Anmol Singh (20:26.478)
Yeah, it's a mix of art and science. It's never fully scientific, but there's an art element of it, but then you add odds to it. Like I already know if I take, let's say 10 trades, I'm gonna win, let's say on five or six of them, and there's gonna be four that I'm gonna lose, right? But what I try to do is I make my winners bigger than my losses. That's how this trading thing works. It's like I could, let's say take 10 trades. I could even lose on six of them. So let's say I lost on six of them, but I win on four of them. But the four of them are, let's say, twice the size of my loser.
net -net, I'm going to come out ahead. So for me, it's just about churning and taking more trades because I know at the end of 100 of them, even if I win 50 -50, but the winner strikes the size of my loser, statistically it's impossible for me not to make money. So I think that's where the science part of it would come
Garret (21:11.833)
Okay. And then obviously not having regrets because you got out of Microsoft 20 years ago and it keeps going up and up, right? Do you just have, you have to be proud that you made that decision and you stuck with
Anmol Singh (21:21.902)
100%, like I got out of Nvidia, like, you know, beginning of this year. I wish I was holding it, but that's part of the strategy because, you know, I've utilized that money towards other positions and other trades. know, so you can never, never pick, you can never pick the top. You can never pick the bottom. You might pick it once in a while, get lucky on it, but it's not a long -term strategy. And yeah, you should never have fear of missing out. You should never have regret of missing out. And I, as I always tell people, it's like, I'd rather be out of an investment wishing I was in than being in and wishing I was out.
Garret (21:52.393)
True and otherwise it truly does feel like gambling and racetrack type stuff,
Anmol Singh (21:57.698)
Yeah, there's a very fine line within trading, investing and gambling. There's a very fine line, intelligence, speculation, and you got to walk that very tightly because emotionally, if you're not in a good place, it's very easy to tiptoe into that side and start risking more money or risking beyond your means and not having a risk management.
Garret (22:16.737)
Okay, long -term and short -term, one of the questions I had prepped to ask you was about how you prepare for the differences between, you've kind of already answered long -term investment and then trading. I mean, would you classify that statement of short -term investing as just trading or are there other aspects to
Anmol Singh (22:36.93)
There three different styles for me. there's one, actually two buckets and then there's three different styles. So two buckets are income producing and then wealth building. So income producing is where we do the trades, right? That's actively trading in and out. The goal is to make an income, right? And then there's wealth building style. Wealth building style is where we're investing for the long haul and we're typically not looking at our stocks every day. And what I also do is I merge those two buckets, meaning, I'll trade every day. I'll trade for an income. That's what I live off. That's what I pay my bills.

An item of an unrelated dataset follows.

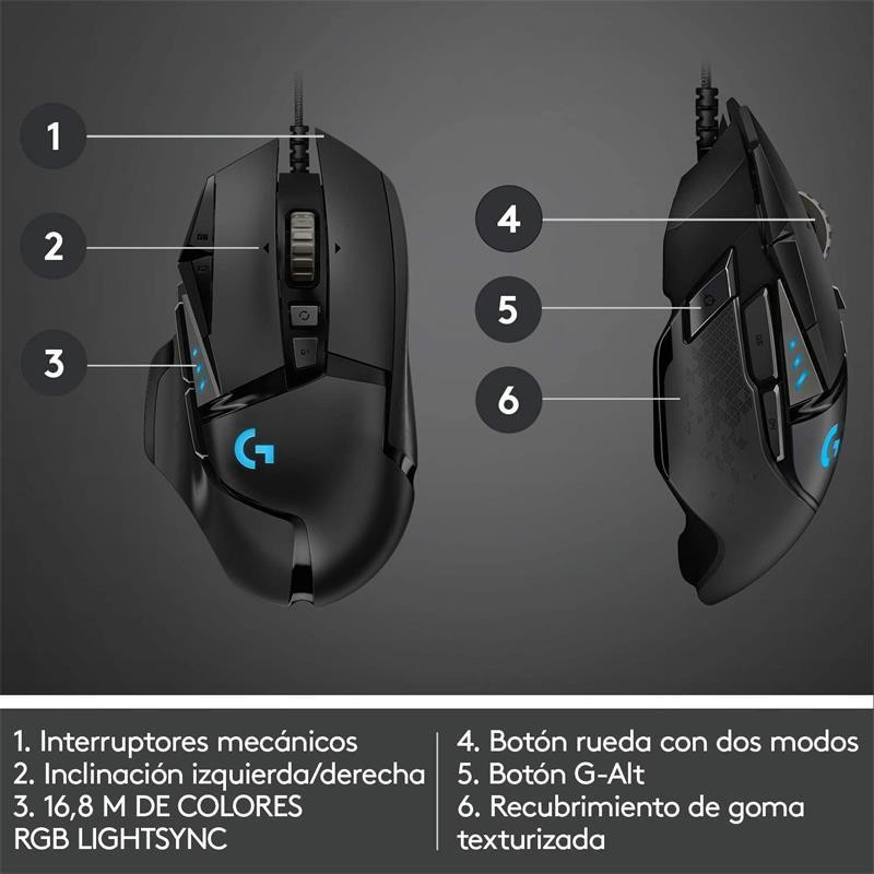 El G502 HERO te permite crear perfiles personalizados para tus juegos, con valores de sensibilidad ajustables entre 200 y 16.000 dpi. Su diseño ergonómico y sus materiales de alta calidad garantizan una comodidad excepcional durante largas sesiones de juego.

Because investing is not going to pay my bills because that's long term. So trading pays the bills and then you take a percentage of your trading profits and that you invest for the long haul on something you might believe in. And then there's three different styles to it. So one is day trading. That's an income producing style. That's where we're getting in and out of stocks every few minutes. I might be in it today. I might be out like 10 seconds later capturing those smaller buckets of moves. And that's day trading. That's a skill. That's a profession. That's not for everybody.
And then there is another style, which is a fine balance between trading and investing, which is swing trading. Swing trading is where I might buy a stock today, might sell it next month, or might buy today and might sell it next week, capturing the smaller pockets of moves, capturing those swings. And that's why it's called swing trading. And swing trading can be both income producing as well as wealth building, right? Because it's typically longer than just getting in and out of every day. And then there's investing where you might hold a stock to five, 10 years.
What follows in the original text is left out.